Notice what PasswordValidator doesn't know: it doesn't know about views, debouncing, or user feedback. It knows password rules - that's it. This single responsibility makes it reusable across any context that needs password validation: registration, settings, password reset, wherever. This is the first piece of our separation of concerns: validators validate, nothing more.

With password validation implemented, let's figure out how to share the outcome of that validation in a way that fits the needs of a declarative UI.

Transforming Outcomes

SwiftUI views excel when they react to state rather than handle control flow. Currently, PasswordValidator throws errors, which would force any consuming view into imperative error handling with do-catch blocks. Mixing imperative code in declarative spaces creates awkward code. Instead, we can introduce an enum for representing validation outcomes as observable state that a SwiftUI view can render declaratively. This enum will act as a clean boundary between the two styles:

// 1
enum ValidationState: Equatable {
    case valid
    case invalid(String)
}

Here's what we did:

  1. ValidationState has two cases: .valid and .invalid, representing the successful and unsuccessful validation outcomes. .invalid has an associated value of type String that will be used to hold a user-friendly message for why their input failed validation.
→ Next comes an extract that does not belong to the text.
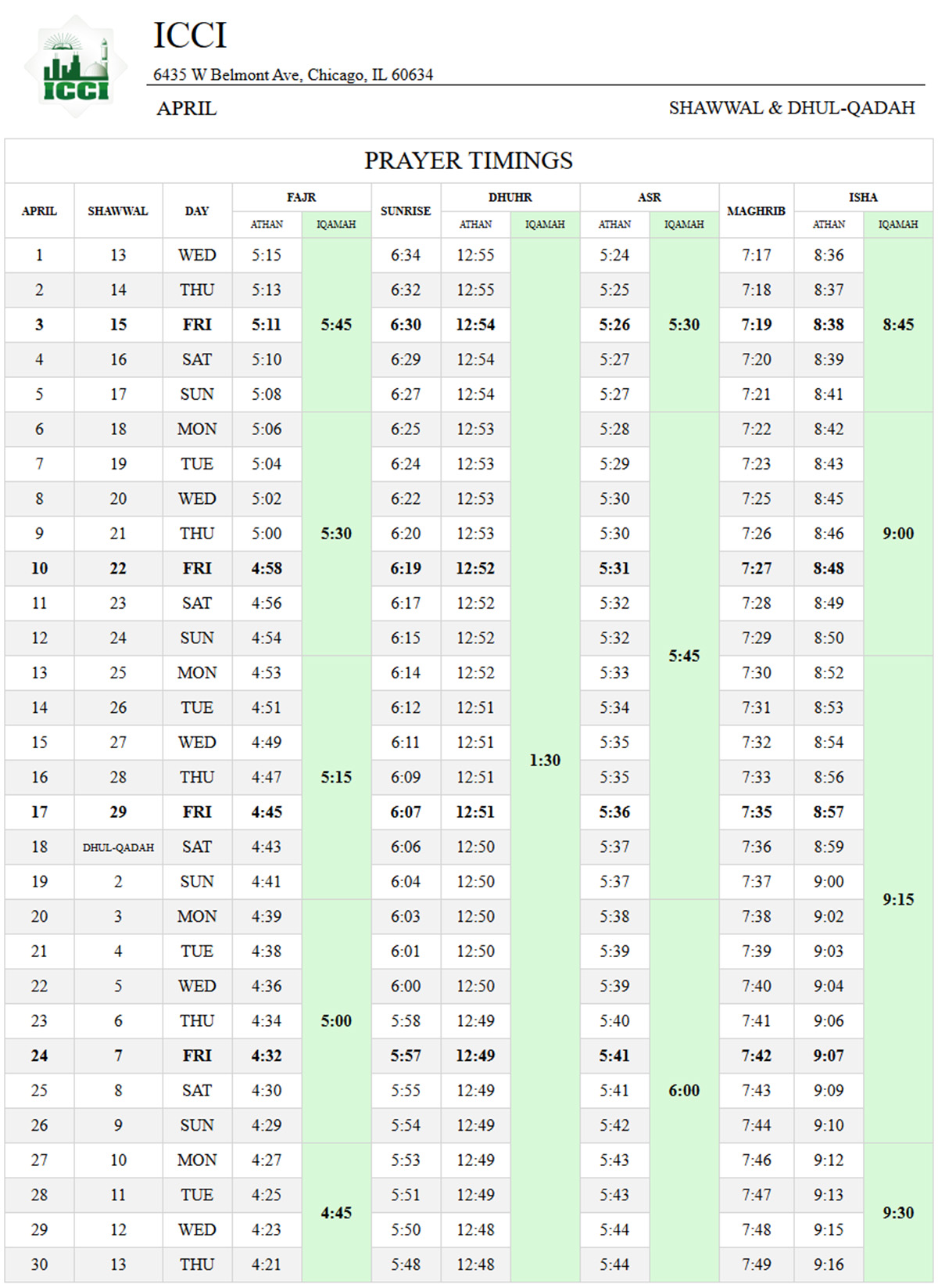 The Islamic Community Center of Illinois, ICCI, is a non-profit organization that was established in 2001. It is located on the Northwest side of Chicago. It includes a Masjid with two prayer halls, a school, a lecture hall, and a youth center.

Now that we can represent validation outcomes declaratively, let's look at how to transform the output of PasswordValidator into something our custom input field can consume.

Connecting the Validator and Input Field

We now have two pieces that don't quite fit together: PasswordValidator throws errors, but we've said that our custom input field needs ValidationState to render. We need something to bridge this gap.
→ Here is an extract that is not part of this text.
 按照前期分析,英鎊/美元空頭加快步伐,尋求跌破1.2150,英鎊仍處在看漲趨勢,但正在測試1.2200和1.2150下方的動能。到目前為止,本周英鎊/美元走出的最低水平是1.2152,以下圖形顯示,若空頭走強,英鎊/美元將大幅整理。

That's the role of PasswordViewModel. It acts as the coordinator between these components, handling three key responsibilities:

  1. Publishing - enabling PasswordInputField to react to state changes.
  2. Triggering validation - when the user's input changes
  3. Bridging the gap between our validator and the UI - catching and transforming validation errors into ValidationState

SwiftUI views automatically re-render when the state they observe changes. To enable this reactive behaviour, we need to mark PasswordViewModel with @Observable:

@Observable
final class PasswordViewModel {
}

@Observable automatically makes all properties observable, allowing SwiftUI to track changes and update the UI accordingly.

If your app needs to support pre-iOS 17, you can substitute in Combine to get the reactive behaviour provided by @Observable.
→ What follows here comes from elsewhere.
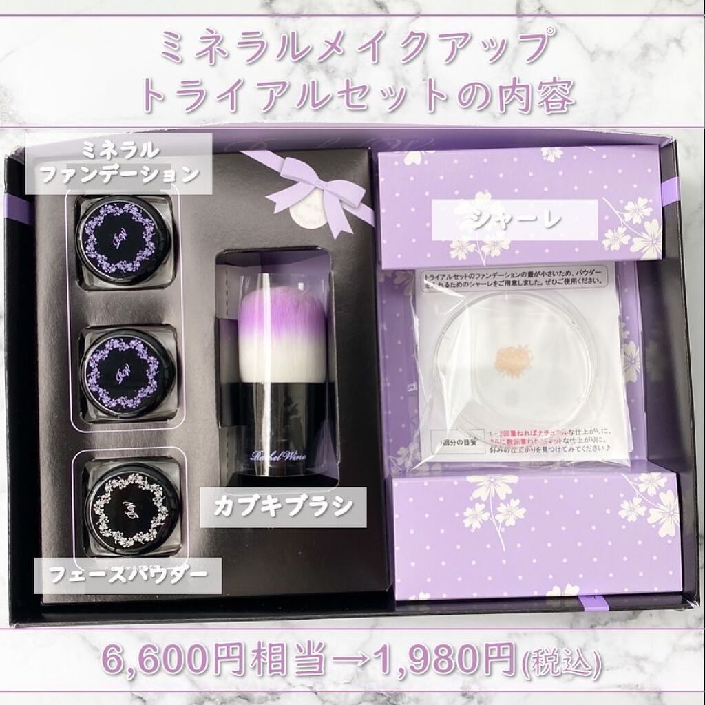 トライアルセットなのに本品ブラシもついてくるお得なセット ※6600円相当が1980円(送料無料)🌹 洗顔で落とせること ※油分が入っていないのでクレンジング不要の石けん落ちファンデ(メイク) 付けた感ゼロの無重力ファンデ 🌟パウダーなのにしっとり

With the reactive foundation in place, we now need to decide what state to hold:

  1. value - the current input.
  2. validationState - the validation outcome.

Let's start with value:

@Observable
final class PasswordViewModel {
   // 1
   var value: String

   // 2
   init(initialValue: String) {
      self.value = initialValue
   }
}

Here's what we did:

  1. Created a value property that will be bound to its associated view.
  2. Implemented the initialiser to accept the initial value of value.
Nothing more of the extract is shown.